Von Zügellosigkeit, die Einhalt braucht
“Ich werd jetzt mal Pause machen nach dem Festival, sag ich dir. Wie lange ist dabei die Frage, denn ich hab Andeutungen von Freunden bekommen, dass ich es ein bisschen übertreibe. Die Frage ist, ob ich es richtig oder falsch interpretiere. Wenn ich mit einem bestimmten Freundeskreis unterwegs bin, dann kann ich einfach nicht nüchtern bleiben. Ich mein, es gibt schon auch Freunde, mit denen ich Zeit verbringe, die das nicht wissen. Vielleicht interpretiere ich das einfach auch alles nur falsch und es sind gar keinen versteckten Hinweise auf mein überzogenes Konsumverhalten, weißt du? Bist du denn der Meinung, dass ich’s übertreibe?”
Aus dem, was du mir jetzt erzählt hast, klingt es auf jeden Fall schon so, als könntest du mal einen gewissen Zeitraum ohne Drogen vertragen.
Ja, ich bin ja jetzt eh zwei Wochen im Familienurlaub. Ob das reicht, ist halt die Frage.
Von irren Träumen, die dein Hirn zerficken
“Ich hatte am Samstag eine irren Traum und kann seitdem nur noch an Spiralen denken, das beschäftigt mich seit Tagen. Ich bin durch München geradelt und war auch recht schnell unterwegs. Anscheinend war ich ein wenig im Stress und mir kam ein Mann entgegen, der auf meiner Fahrradspur war. Ich hab den auch prompt angeschnauzt, was er da auf meiner Fahrseite machen würde. Der hat auf das Ganze aber total lässig reagiert und sich entschuldigt und ich hab mich sofort geschämt dafür, den Typen so angemacht zu haben wegen so einer Nichtigkeit.

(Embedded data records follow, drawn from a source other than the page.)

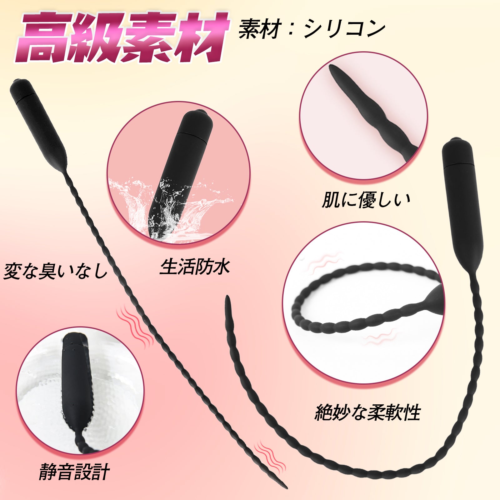 高級素材:絶妙な柔軟性を持つシリコン素材で、自由に曲げられて尿道に変な圧迫感を与えなく初心者でも抵抗感がなく使えます。それに、臭いが一切なくあんしん感満々!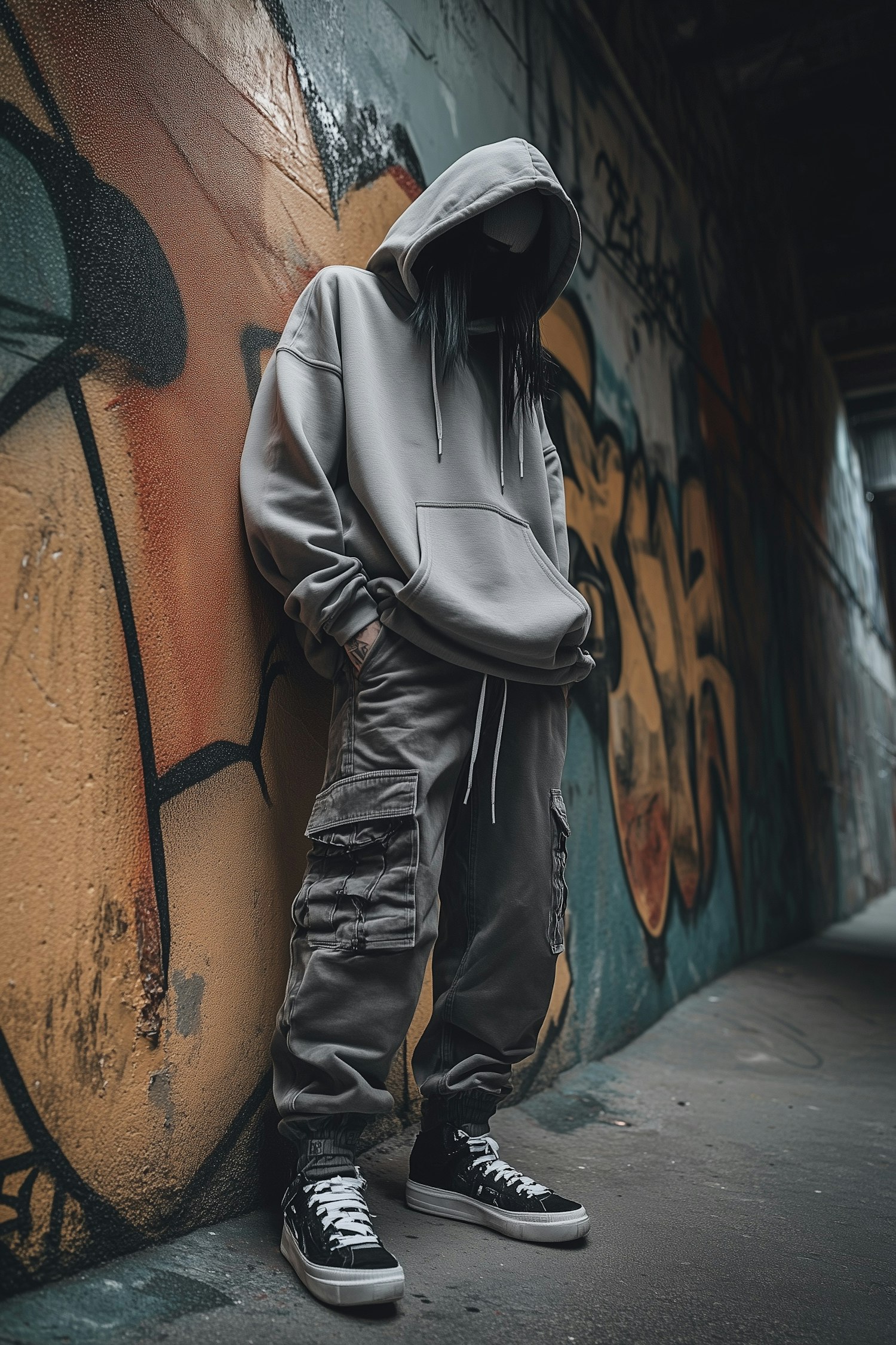 Mysterious figure in gray streetwear leans against a graffiti wall in a gritty urban alley. Bold graffiti contrasts with muted outfit tones.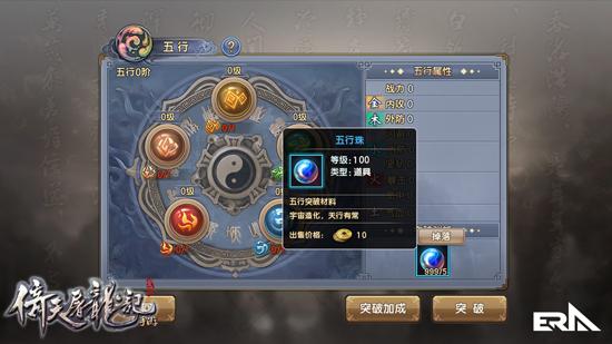 “五行”意味着万物之宗。大道其行,万物并存。所以当五行系统入驻游戏时,占据举足轻重的地位也是能够被理解的。在《倚天屠龙记》手游中,当玩家到达105级时,全新的五行系统将会开启。各位侠士可以通过寻找金、木、水、火、土五行灵珠,来强化自己角色的各种属性。而这些提升战力的灵珠子则是由红巾起义、师德商店、侠客寻访等方式获得,每提升10级,即可突破一次并获得大量属性,战斗力飙升的途径又多了一种!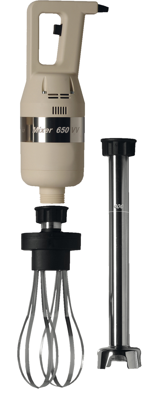Ausführung: - Stabmixer mit 400 mm Mixstab + Schneebesen - belüftetes Motorgehäuse aus Kunststoff - Motor mit Thermoschutz - digital regelbare Geschwindigkeit über SRS-Bedienpult mit LCD-Anzeige - Mixstab aus Edelstahl - Mixstab abnehm- & wechselbar - mit Messerschutz zur leichten und sicheren Reinigung - ergonomischer Griff für optimalen Griffkomfort Leistung: - variable Geschwindigkeitsstufe: 2.000 - 13.000 U/min - Kapazität: für ca. 120 - 230 Liter Anschluss: - Anschlusswert: 0,65 kW - Elektrischer Anschluss: 230 V / 1N / 50 Hz - mit Stecker in Schuko-Bauart nach CEE 7/7 Maße (Ø x L): 130 x 820 mm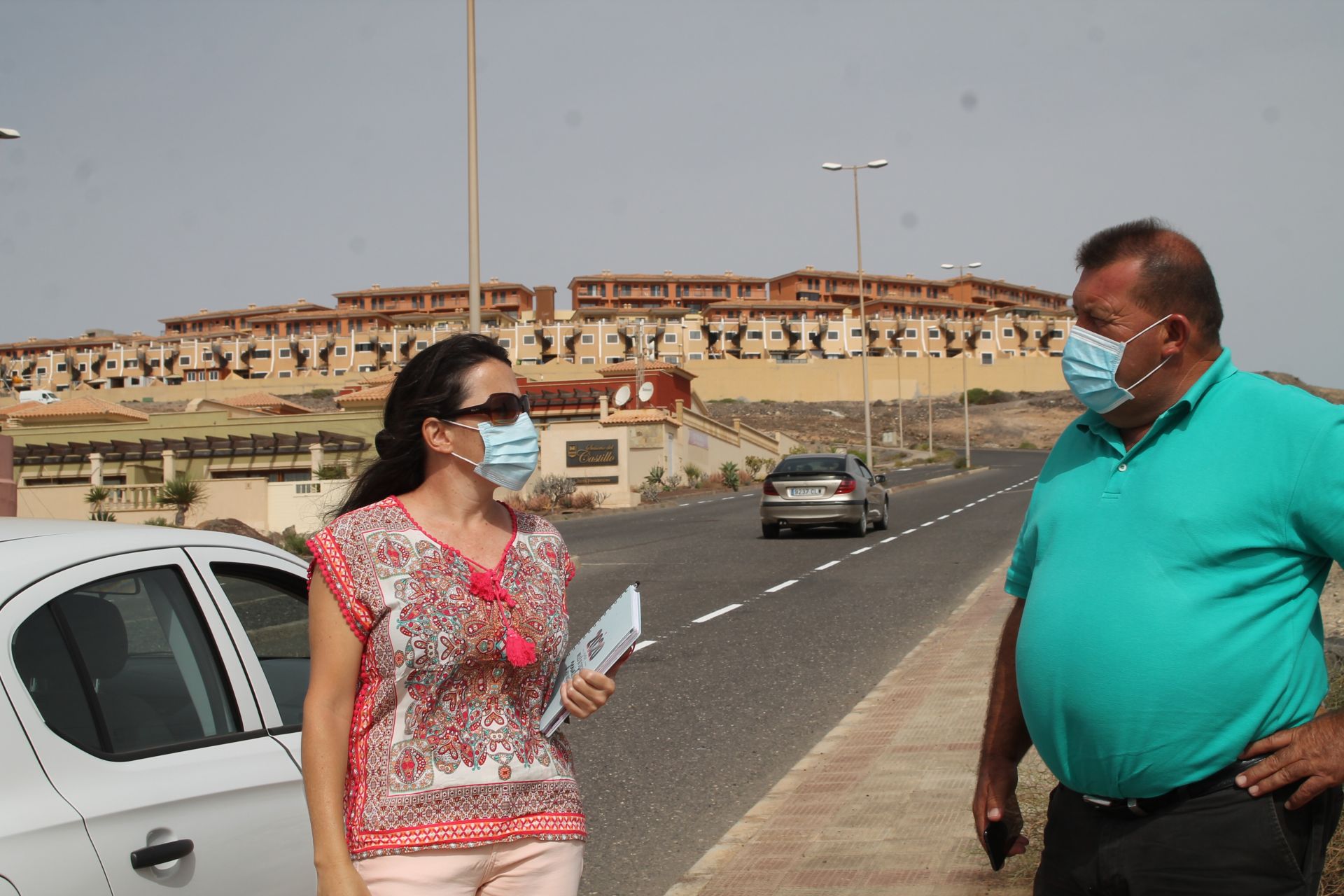 El alcalde de Antigua, Matías Peña García y la representante de la Plataforma Vecinal de Caleta de Fuste, Érica Calero, han visitado la parte alta de El Castillo, 2ª y 3ª Fase, comprobando las mejoras en la señalización vial, limpieza y acondicionamiento de las calles.

Der war aber mega entspannt und ist einfach mit mir mitgeradelt, bis sich plötzlich der ganze Weg verändert hat und wir in Wien an der Donau waren. Aber nicht wie du das alles normal kennen würdest, sondern eine riesige Licht- und Fantasiewelt umgeben von Hügeln und Wäldern in den verschiedensten Grüntönen. Die Donau war in ein glitzerndes Türkis gehüllt, ich schaff es gar nicht mit Worten zu beschreiben, wie unfassbar schön das alles war.
Es sind immer mehr Menschen plötzlich dazugekommen, die alle nett und entspannt waren und man hat sich einfach nur wohl gefühlt, auf diesem Radelausflug oder was auch immer das dann geworden ist. Der Weg, der vor uns lag hat sich irgendwann in eine Kurve begeben, die einfach nicht mehr aufgehört hat, bis ich gecheckt habe, dass wir gerade in einer Spirale fahren. Da sind wir dann zu Fuß weitergegangen und es war wirklich irre, weil der Boden die unterschiedlichsten Mineralien eingefasst hat und das einfach so schön ausgesehen hat.
“Hey, gleich kommt ein Zimmer und du musst darin bis fünf zählen und dann wirst du die totale Macht verspüren.”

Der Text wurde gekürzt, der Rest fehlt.